◆ **PROBLEM TO WORK ON**:
Starting at the line containing "1.本次全院擬設(shè)護" and ending at the line containing "The Duchess Flower", transcribe the listing below exactly. Keep both end lines, skip the pictures, and copy nothing else.

◆ **EXERCISE INPUT**:
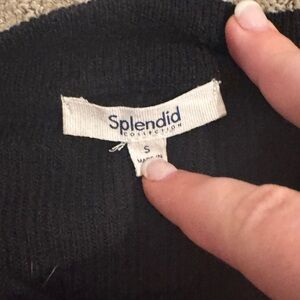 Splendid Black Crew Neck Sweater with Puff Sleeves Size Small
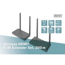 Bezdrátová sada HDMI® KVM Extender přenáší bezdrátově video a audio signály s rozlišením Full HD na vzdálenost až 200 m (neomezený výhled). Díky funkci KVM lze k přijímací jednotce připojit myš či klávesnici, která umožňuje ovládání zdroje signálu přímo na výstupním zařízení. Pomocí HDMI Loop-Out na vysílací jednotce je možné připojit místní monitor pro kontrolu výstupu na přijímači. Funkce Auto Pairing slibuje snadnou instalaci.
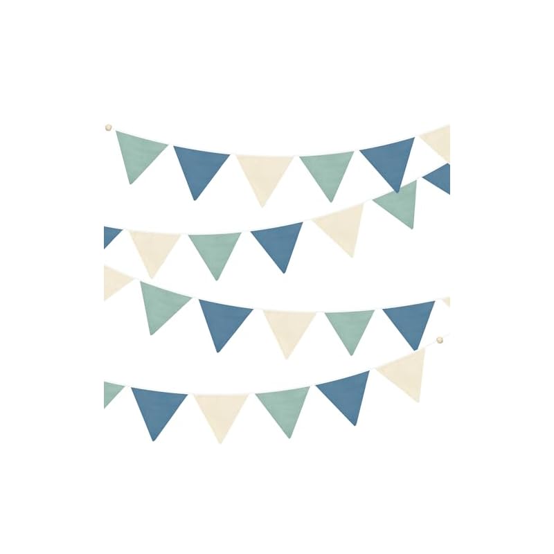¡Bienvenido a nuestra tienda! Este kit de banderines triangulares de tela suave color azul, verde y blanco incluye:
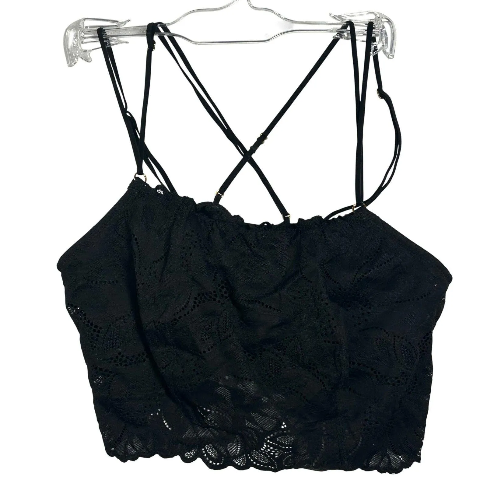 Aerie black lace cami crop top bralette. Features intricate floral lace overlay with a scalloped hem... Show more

==

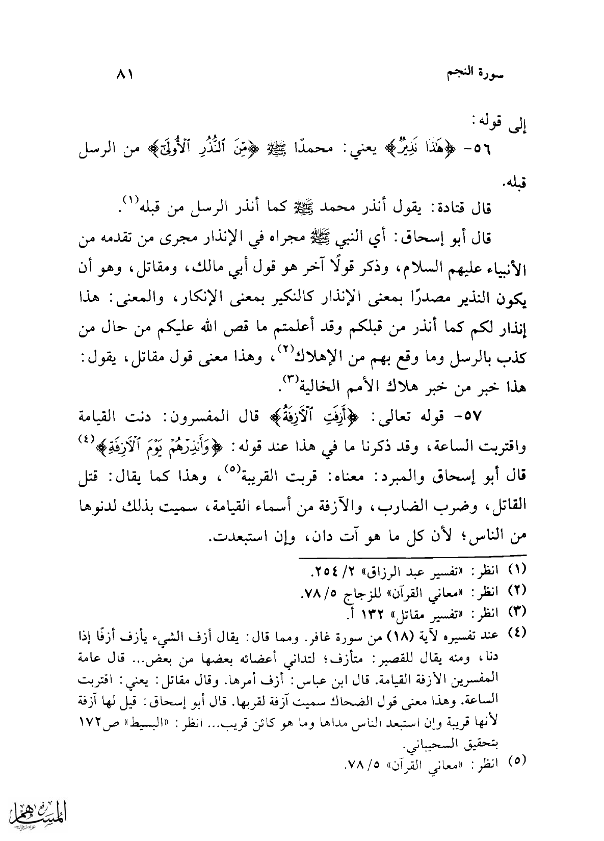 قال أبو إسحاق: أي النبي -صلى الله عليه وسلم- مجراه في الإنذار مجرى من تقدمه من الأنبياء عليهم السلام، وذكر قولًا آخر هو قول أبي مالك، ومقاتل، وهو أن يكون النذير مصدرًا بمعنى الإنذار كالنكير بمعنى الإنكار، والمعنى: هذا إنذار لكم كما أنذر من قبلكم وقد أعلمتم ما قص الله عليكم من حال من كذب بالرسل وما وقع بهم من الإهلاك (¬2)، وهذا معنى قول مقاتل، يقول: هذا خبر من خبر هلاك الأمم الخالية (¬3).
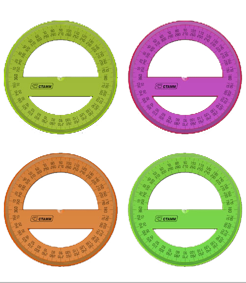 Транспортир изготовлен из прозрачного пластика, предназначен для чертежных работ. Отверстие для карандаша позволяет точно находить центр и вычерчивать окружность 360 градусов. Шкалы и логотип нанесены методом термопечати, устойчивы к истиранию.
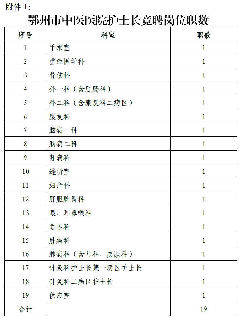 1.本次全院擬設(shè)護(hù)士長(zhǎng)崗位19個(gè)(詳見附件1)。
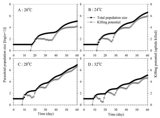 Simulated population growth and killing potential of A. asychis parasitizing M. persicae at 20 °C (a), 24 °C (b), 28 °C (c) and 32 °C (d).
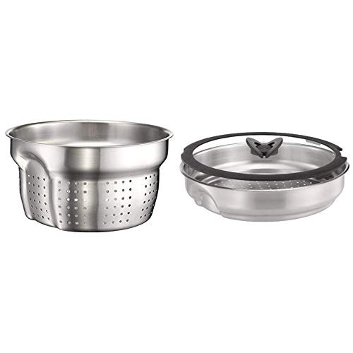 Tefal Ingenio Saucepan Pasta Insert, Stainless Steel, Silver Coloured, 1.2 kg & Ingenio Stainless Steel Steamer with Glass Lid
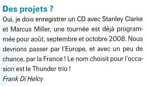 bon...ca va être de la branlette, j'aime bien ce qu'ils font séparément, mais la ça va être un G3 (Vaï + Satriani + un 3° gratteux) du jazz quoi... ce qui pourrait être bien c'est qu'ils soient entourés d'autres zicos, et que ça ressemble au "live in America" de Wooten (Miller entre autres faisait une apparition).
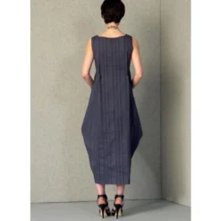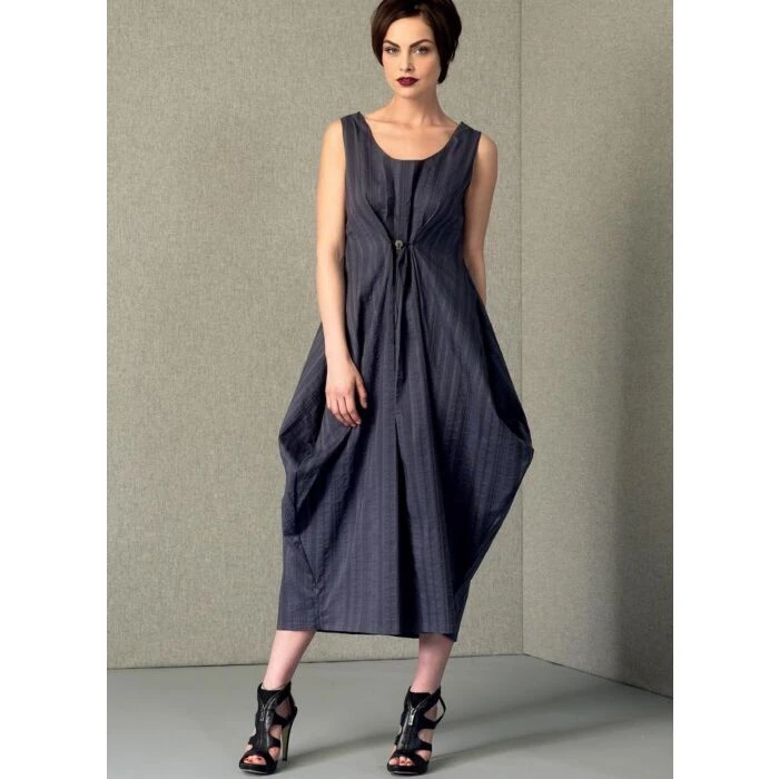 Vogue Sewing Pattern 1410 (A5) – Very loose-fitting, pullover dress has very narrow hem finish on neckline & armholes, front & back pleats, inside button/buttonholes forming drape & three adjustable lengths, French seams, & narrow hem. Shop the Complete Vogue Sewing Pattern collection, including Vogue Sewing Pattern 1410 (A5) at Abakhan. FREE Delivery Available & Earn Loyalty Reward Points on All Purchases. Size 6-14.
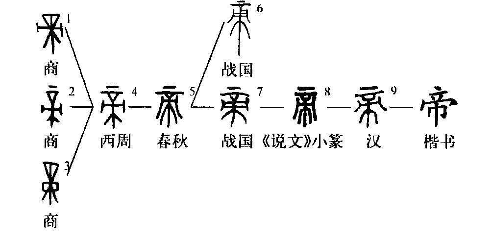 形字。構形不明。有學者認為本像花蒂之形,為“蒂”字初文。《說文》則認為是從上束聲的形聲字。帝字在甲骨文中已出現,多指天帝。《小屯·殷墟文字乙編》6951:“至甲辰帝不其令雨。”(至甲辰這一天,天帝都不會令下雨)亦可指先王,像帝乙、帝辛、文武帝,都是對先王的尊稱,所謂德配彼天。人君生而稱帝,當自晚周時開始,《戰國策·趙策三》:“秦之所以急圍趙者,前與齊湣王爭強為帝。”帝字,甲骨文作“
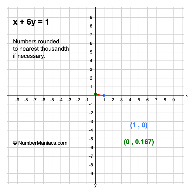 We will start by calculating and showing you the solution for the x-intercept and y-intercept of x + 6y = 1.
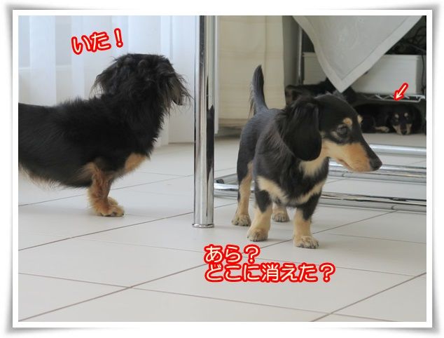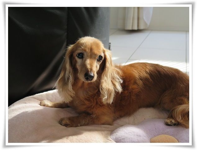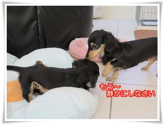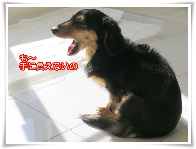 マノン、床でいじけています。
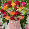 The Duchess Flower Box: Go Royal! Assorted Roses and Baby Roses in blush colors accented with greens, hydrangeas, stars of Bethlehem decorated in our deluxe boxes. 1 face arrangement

--

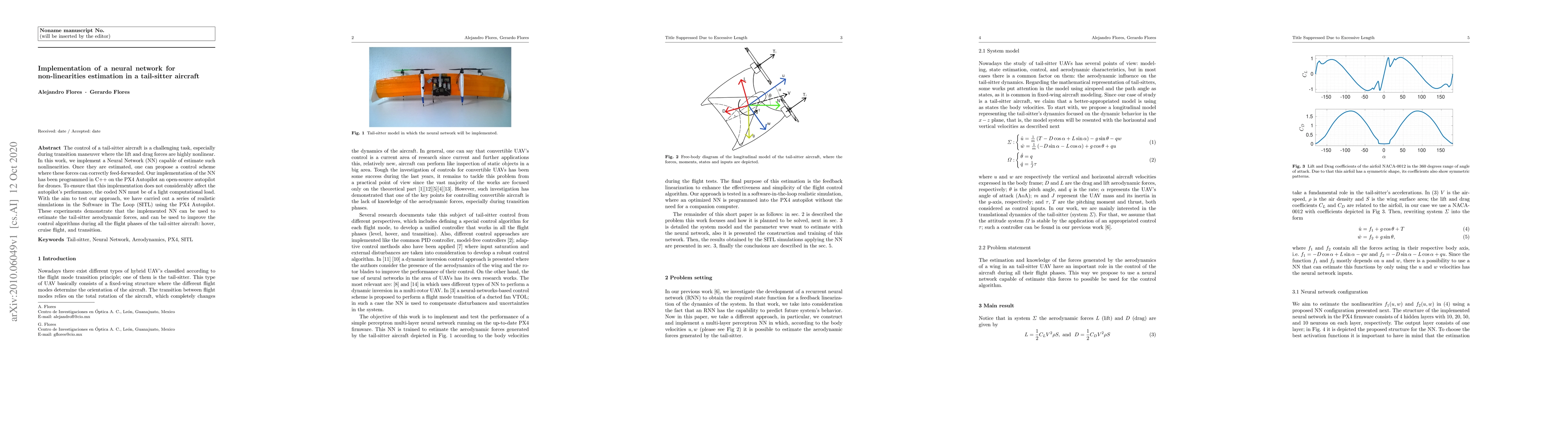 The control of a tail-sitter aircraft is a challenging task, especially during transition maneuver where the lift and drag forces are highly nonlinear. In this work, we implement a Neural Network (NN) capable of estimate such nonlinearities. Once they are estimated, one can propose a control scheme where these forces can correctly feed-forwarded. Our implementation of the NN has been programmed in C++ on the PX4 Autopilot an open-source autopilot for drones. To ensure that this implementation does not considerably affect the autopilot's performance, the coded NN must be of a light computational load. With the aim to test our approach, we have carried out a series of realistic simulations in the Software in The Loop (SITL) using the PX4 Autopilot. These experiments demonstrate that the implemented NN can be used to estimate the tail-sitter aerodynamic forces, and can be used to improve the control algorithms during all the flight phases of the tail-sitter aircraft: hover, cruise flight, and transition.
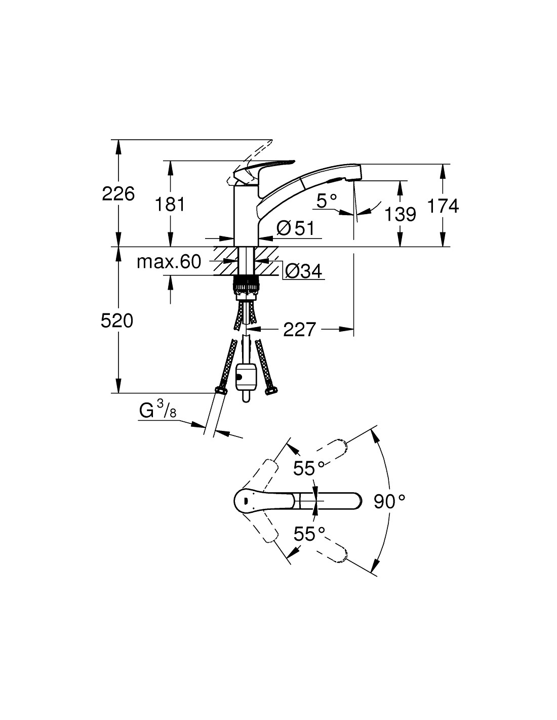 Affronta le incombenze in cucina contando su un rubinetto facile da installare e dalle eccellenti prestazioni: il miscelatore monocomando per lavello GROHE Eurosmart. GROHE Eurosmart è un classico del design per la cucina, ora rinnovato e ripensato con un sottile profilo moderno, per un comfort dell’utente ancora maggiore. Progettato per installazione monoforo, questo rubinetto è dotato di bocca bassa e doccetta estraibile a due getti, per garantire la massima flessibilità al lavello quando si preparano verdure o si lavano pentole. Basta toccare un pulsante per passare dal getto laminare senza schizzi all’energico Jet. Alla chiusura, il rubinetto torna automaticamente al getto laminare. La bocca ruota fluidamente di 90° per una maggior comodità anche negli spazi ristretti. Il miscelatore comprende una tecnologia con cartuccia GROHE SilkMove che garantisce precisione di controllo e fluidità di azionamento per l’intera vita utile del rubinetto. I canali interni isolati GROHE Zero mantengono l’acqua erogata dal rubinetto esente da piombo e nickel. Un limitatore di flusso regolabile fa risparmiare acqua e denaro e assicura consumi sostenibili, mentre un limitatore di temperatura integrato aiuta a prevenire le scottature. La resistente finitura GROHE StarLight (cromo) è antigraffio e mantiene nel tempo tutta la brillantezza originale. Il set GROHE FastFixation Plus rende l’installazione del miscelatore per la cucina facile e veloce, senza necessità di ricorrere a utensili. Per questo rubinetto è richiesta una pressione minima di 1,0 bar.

◆ **EXERCISE SOLUTION**:
 1.本次全院擬設(shè)護(hù)士長(zhǎng)崗位19個(gè)(詳見附件1)。
 Simulated population growth and killing potential of A. asychis parasitizing M. persicae at 20 °C (a), 24 °C (b), 28 °C (c) and 32 °C (d).
 Tefal Ingenio Saucepan Pasta Insert, Stainless Steel, Silver Coloured, 1.2 kg & Ingenio Stainless Steel Steamer with Glass Lid
 bon...ca va être de la branlette, j'aime bien ce qu'ils font séparément, mais la ça va être un G3 (Vaï + Satriani + un 3° gratteux) du jazz quoi... ce qui pourrait être bien c'est qu'ils soient entourés d'autres zicos, et que ça ressemble au "live in America" de Wooten (Miller entre autres faisait une apparition).
 Vogue Sewing Pattern 1410 (A5) – Very loose-fitting, pullover dress has very narrow hem finish on neckline & armholes, front & back pleats, inside button/buttonholes forming drape & three adjustable lengths, French seams, & narrow hem. Shop the Complete Vogue Sewing Pattern collection, including Vogue Sewing Pattern 1410 (A5) at Abakhan. FREE Delivery Available & Earn Loyalty Reward Points on All Purchases. Size 6-14.
 形字。構形不明。有學者認為本像花蒂之形,為“蒂”字初文。《說文》則認為是從上束聲的形聲字。帝字在甲骨文中已出現,多指天帝。《小屯·殷墟文字乙編》6951:“至甲辰帝不其令雨。”(至甲辰這一天,天帝都不會令下雨)亦可指先王,像帝乙、帝辛、文武帝,都是對先王的尊稱,所謂德配彼天。人君生而稱帝,當自晚周時開始,《戰國策·趙策三》:“秦之所以急圍趙者,前與齊湣王爭強為帝。”帝字,甲骨文作“
 We will start by calculating and showing you the solution for the x-intercept and y-intercept of x + 6y = 1.
 マノン、床でいじけています。
 The Duchess Flower Box: Go Royal! Assorted Roses and Baby Roses in blush colors accented with greens, hydrangeas, stars of Bethlehem decorated in our deluxe boxes. 1 face arrangement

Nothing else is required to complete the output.